**Work item**
Print the material below exactly as it stands, please, from its first line to the line holding "ボウ・ブーケは、まるでブリジ", with no pictures.

**Data block**
━━━━━━━━━━
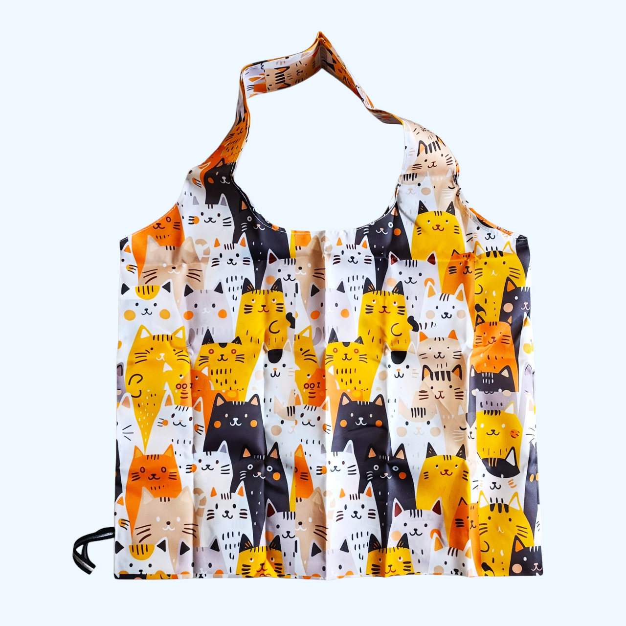 Haz tus compras con alegría y estilo gracias a esta bolsa reutilizable plegable con un estampado lleno de gatitos en tonos naranja, amarillo, blanco y negro. Su diseño divertido y colorido la convierte en el complemento perfecto para quienes aman a los gatos y quieren una alternativa práctica y ecológica.
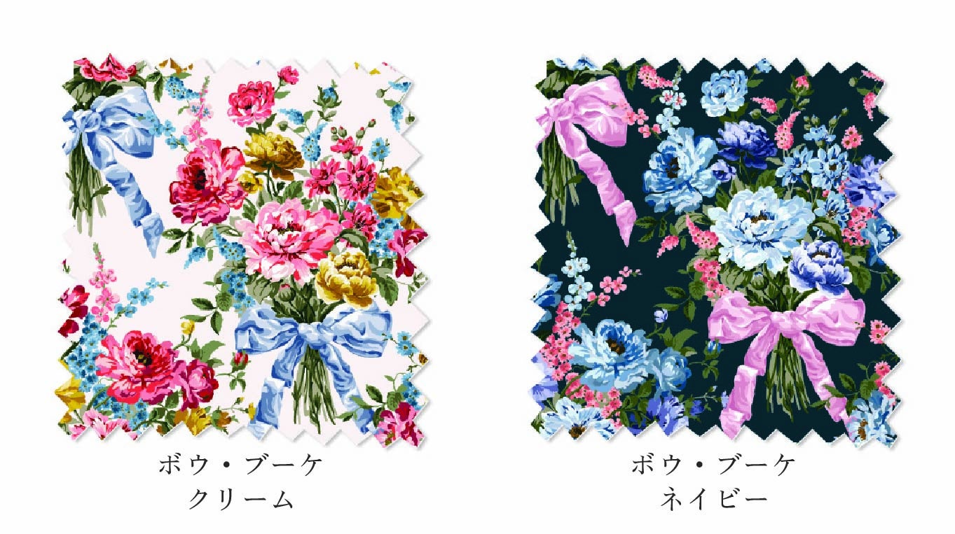 ボウ・ブーケは、まるでブリジャートン家の庭園から飛び出してきたかのような、バラ、アスター、ライラック、ラークスパー、ピオニーといった華やかな花々を描いた豪華なパターンと豊かな色彩、そして自然の美しさが織りなす万華鏡のような美しさを表現し、繊細なリボンでブーケを表したデザインです。
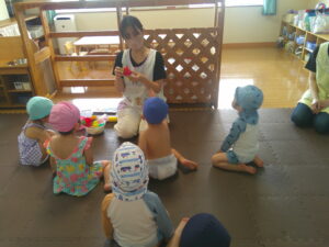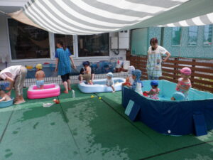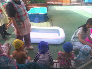いよいよひだまり保育園のプール遊びが始まります!最初の日はプールでのお約束を絵本を使ってみんなでお話ししました。ぱんだぐみの子どもたちは「走ったら危ない」ことが分かったようです!おもちゃの紹介や遊び方の話、体操、消毒をしていよいよ入水!こあらぐみの子どもたちはびっくりして少し泣いてしまいましたが、他のクラスの子どもたちはへっちゃらで楽しそうに遊んでいました♪
━━━━━━━━━━
**Exercise answer**
 Haz tus compras con alegría y estilo gracias a esta bolsa reutilizable plegable con un estampado lleno de gatitos en tonos naranja, amarillo, blanco y negro. Su diseño divertido y colorido la convierte en el complemento perfecto para quienes aman a los gatos y quieren una alternativa práctica y ecológica.
 ボウ・ブーケは、まるでブリジャートン家の庭園から飛び出してきたかのような、バラ、アスター、ライラック、ラークスパー、ピオニーといった華やかな花々を描いた豪華なパターンと豊かな色彩、そして自然の美しさが織りなす万華鏡のような美しさを表現し、繊細なリボンでブーケを表したデザインです。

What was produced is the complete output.